Aim of the exercise
An exact copy of the entries, with every picture omitted, is what is needed here.

Data for this task
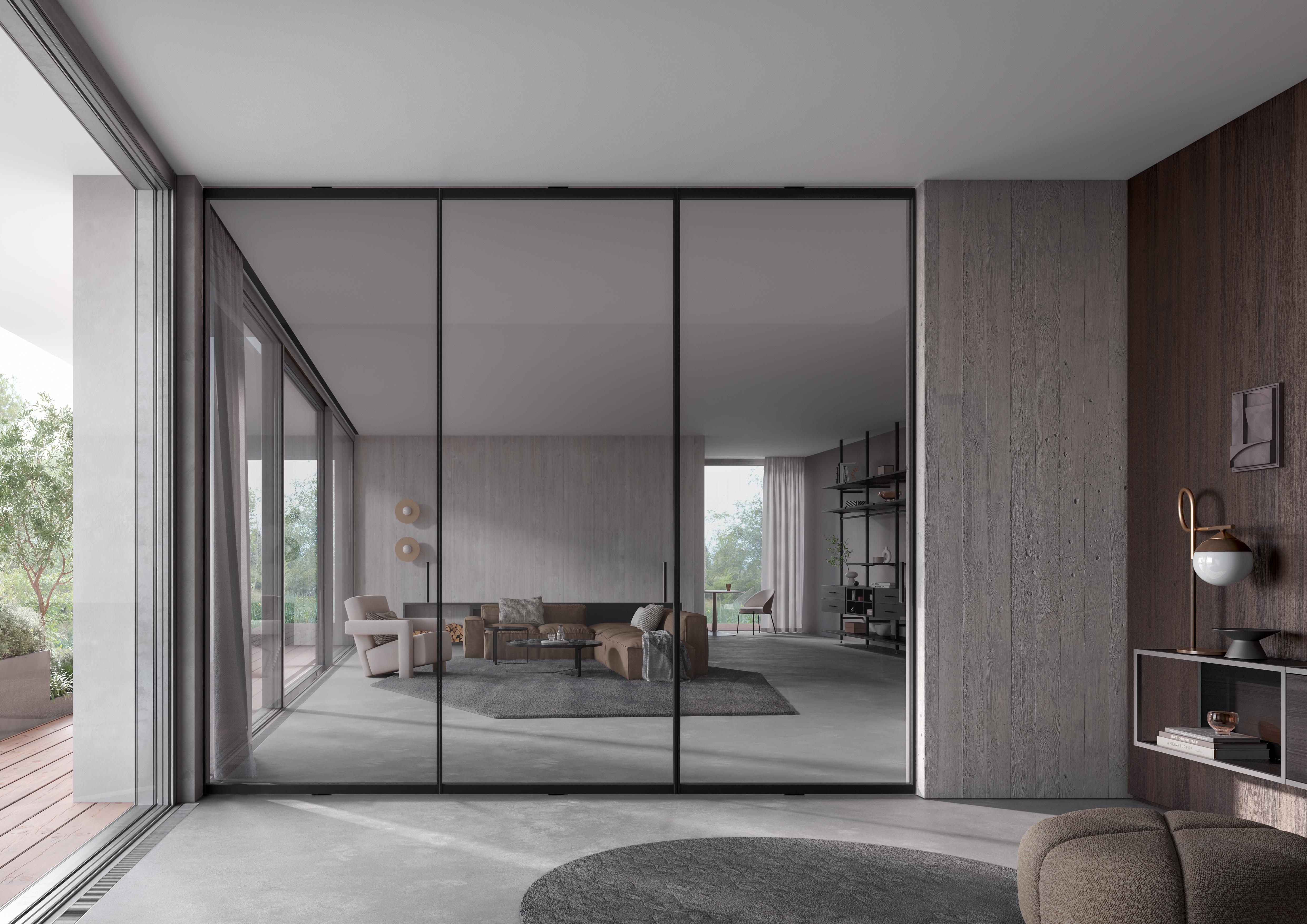 Transparent pivot doors enable seamless room transitions, fostering flexibility and openness in interior design
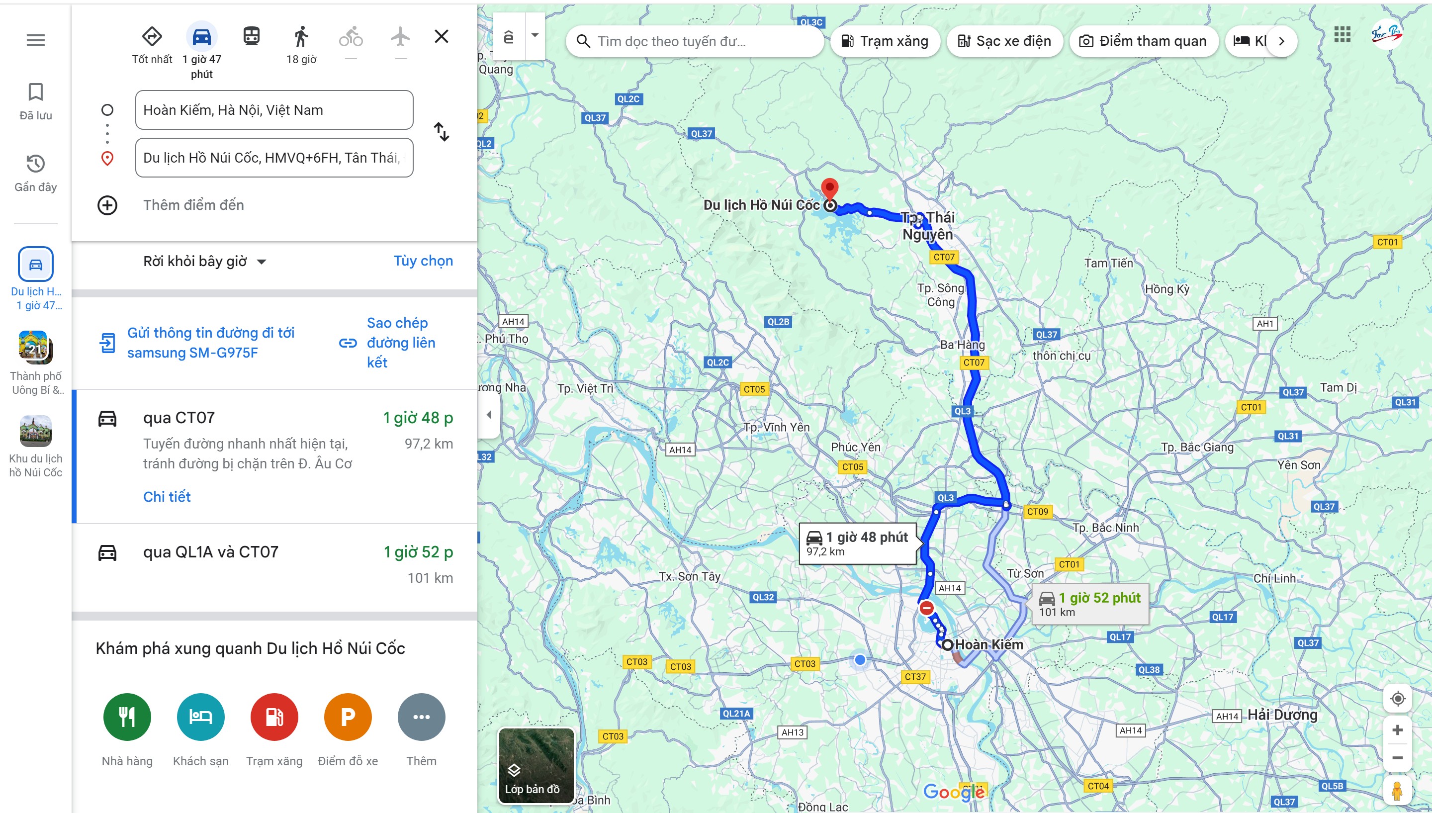 + Để chuyến đi trở lên đơn giản hơn, du khách có thể tham khảo gợi ý sử dụng ứng dụng Google Maps. Bằng cách tại về điện thoại, mở ứng dụng. Nhập vào ô tìm kiếm từ khóa “Khu du lịch Hồ Núi Cốc - Thái Nguyên”. Sau đó nhấp mục lựa chọn phương tiện và bấm bắt đầu để được gợi ý và điều hướng dễ dàng nhé.
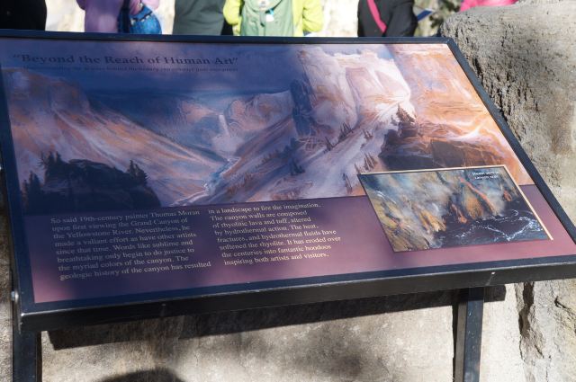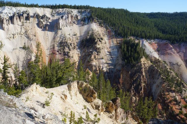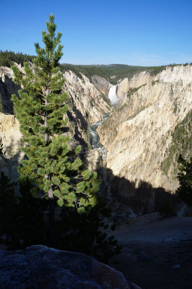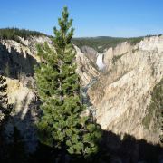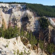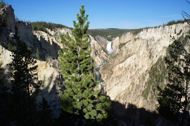 黄石公园非常有名的景观之一,可以同时观赏壮观深邃的峡谷和飞流直下的瀑布,天气好,会看到一道彩虹横跨峡谷。黄石大峡谷有两个瀑布,Upper Fall上瀑布和Lower Fall下瀑布,下瀑布的落差更大,也更壮观,Artist Point是拍摄下瀑布的好位置。长期的河水冲刷形成了色彩瑰丽的岩壁,呈现出黄、橙、棕、褐等,印第安人称之为“黄石”。
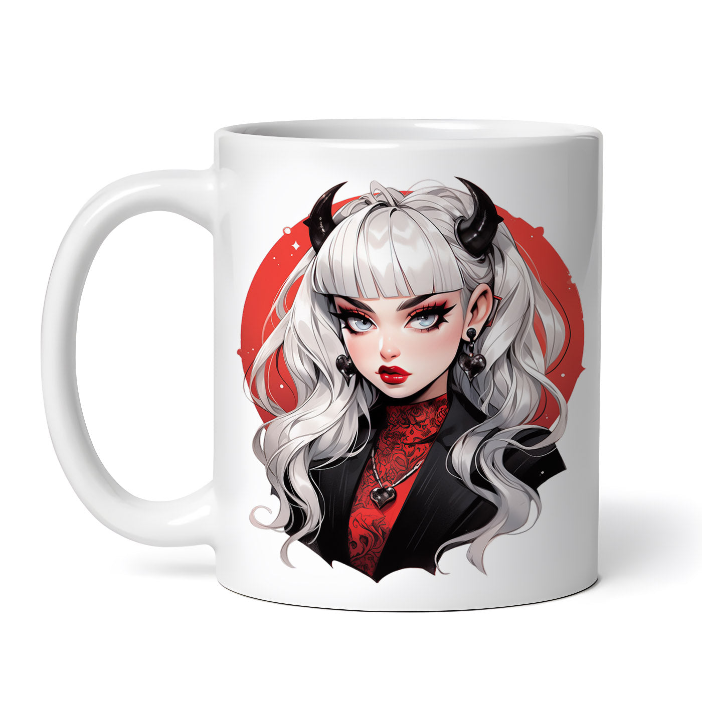 Cana ceramica, Halloween Diavolita platinata cu cercei inimioare, NO4022, 330 ml, Multicolor
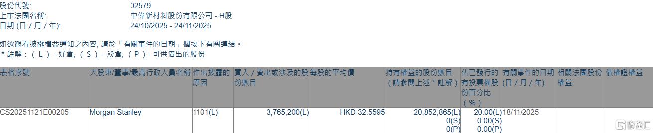 格隆汇11月24日丨根据联交所最新权益披露资料显示,2025年11月18日,中伟新材(02579.HK)获Morgan Stanley在场内以每股均价32.5595港元增持376.52万股,涉资约1.23亿港元。

Answer section
 Transparent pivot doors enable seamless room transitions, fostering flexibility and openness in interior design
 + Để chuyến đi trở lên đơn giản hơn, du khách có thể tham khảo gợi ý sử dụng ứng dụng Google Maps. Bằng cách tại về điện thoại, mở ứng dụng. Nhập vào ô tìm kiếm từ khóa “Khu du lịch Hồ Núi Cốc - Thái Nguyên”. Sau đó nhấp mục lựa chọn phương tiện và bấm bắt đầu để được gợi ý và điều hướng dễ dàng nhé.
 黄石公园非常有名的景观之一,可以同时观赏壮观深邃的峡谷和飞流直下的瀑布,天气好,会看到一道彩虹横跨峡谷。黄石大峡谷有两个瀑布,Upper Fall上瀑布和Lower Fall下瀑布,下瀑布的落差更大,也更壮观,Artist Point是拍摄下瀑布的好位置。长期的河水冲刷形成了色彩瑰丽的岩壁,呈现出黄、橙、棕、褐等,印第安人称之为“黄石”。
 Cana ceramica, Halloween Diavolita platinata cu cercei inimioare, NO4022, 330 ml, Multicolor
 格隆汇11月24日丨根据联交所最新权益披露资料显示,2025年11月18日,中伟新材(02579.HK)获Morgan Stanley在场内以每股均价32.5595港元增持376.52万股,涉资约1.23亿港元。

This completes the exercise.